2

I have a sample data (Data_sample_truncated.txt) which I truncated from a big data. It has 3 fields - "Index", "Time" and "RxIn.Density[**x**, ::]" Here I used x as integer as x can vary for any range. In this data it is 0-15. The combination of the 3 column fields is unique. For different "Index" field the "Time" and "RxIn.Density[**x**, ::]" can be same or different. For each new "Index" value the data has a blank line and almost similar column headers except for "RxIn.Density[**x**, ::]" where x is increasing when new "Index" value is reached. The data which I export from ADS (circuit simulation software) gives me like this format while exporting.

Now I want to format the data so that all the data are merged together under 3 unique column fields - "Index", "Time" and "RxIn.Density". You can see I want to remove the strings [**x**, ::] in the new dataframe of the 3rd column. Here is the sample final data file that I want after formatting (Data-format_I_want_after_formatting.txt). So I want the following -

  • The blank lines (or rows) to be removed
  • All the other header lines to be removed keeping the top header only and changing the 3rd column header to "RxIn.Density"
  • Keeping all the data merged under the unique column fields - "Index", "Time" and "RxIn.Density", even if the data values are duplicate.

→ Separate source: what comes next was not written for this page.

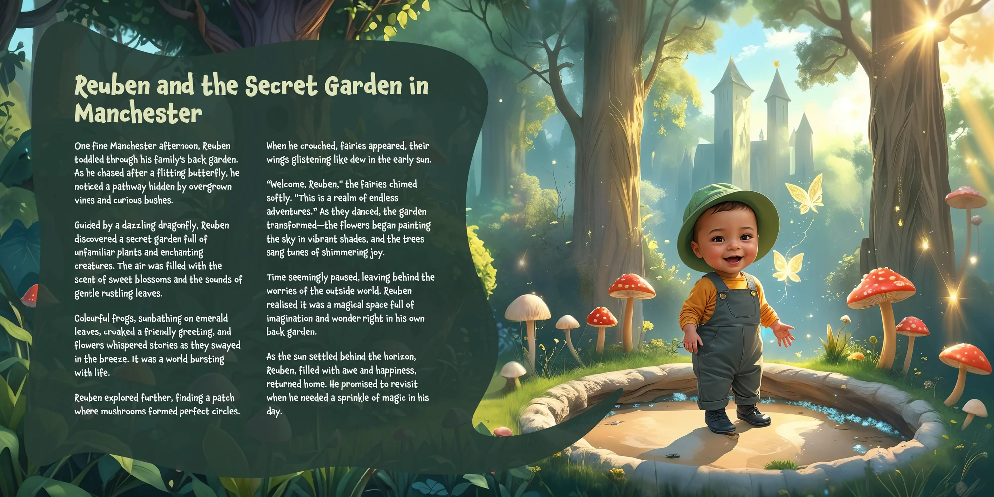 Explore the preview pages below to see how Reuben's adventures come to life—crafted with love and personalized just for him. We hope this preview brings a smile to your face and joy to Reuben's heart.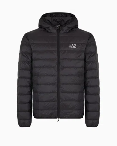 Ea7 Core Identity Packable Down Jacket With Hood In Black

My MATLAB code is in the below:

import pandas as pd

#create DataFrame from csv with columns f and v 
df = pd.read_csv('Data_sample_truncated.txt', sep="\s+", names=['index','time','v'])

#boolean mask for identify columns of new df   
m = df['v'].str.contains('RxIn')

#new column by replace NaNs by forward filling
df['g'] = df['v'].where(m).ffill()

#get original ordering for new columns
#cols = df['g'].unique()

#remove rows with same values in v and g columns
#df = df[df['v'] != df['g']]

df = df.drop_duplicates(subset=['index', 'time'], keep=False)

df.to_csv('target.txt', index=False, sep='\t')

The generated target.txt file is not what I wanted. You can check it here. Can anyone help what is wrong with my code and what to do to fix it so that I wan my intended formatting?

I am using Spyder 3.2.6 (Anaconda) where python 3.6.4 64-bit is embedded.

aguntuk
  • 127
  • 9

2 Answers2

1

Try this:

df = pd.read_csv('Data_sample_truncated.txt', sep='\s+', names=['index', 'time', 'RxIn.Density', 'mask'], header=None)

df = df[df['mask'].isna()].drop(['mask'], axis=1)

df.to_csv('target.txt', index=False, sep='\t')
Chris Adams
  • 18,389
  • 4
  • 22
  • 39
1

You can just filter out rows, that you do not want(check this):

import pandas as pd
df = pd.read_csv('Data_sample_truncated.txt', sep="\s+")
df.columns = ["index","time","RxIn.Density","1"]
del df["1"]
df = df[~df["RxIn.Density"].str.contains("Rx")].reset_index(drop=True)
df.to_csv('target.txt', index=False, sep='\t')
Dmitriy Kisil
  • 2,858
  • 2
  • 16
  • 35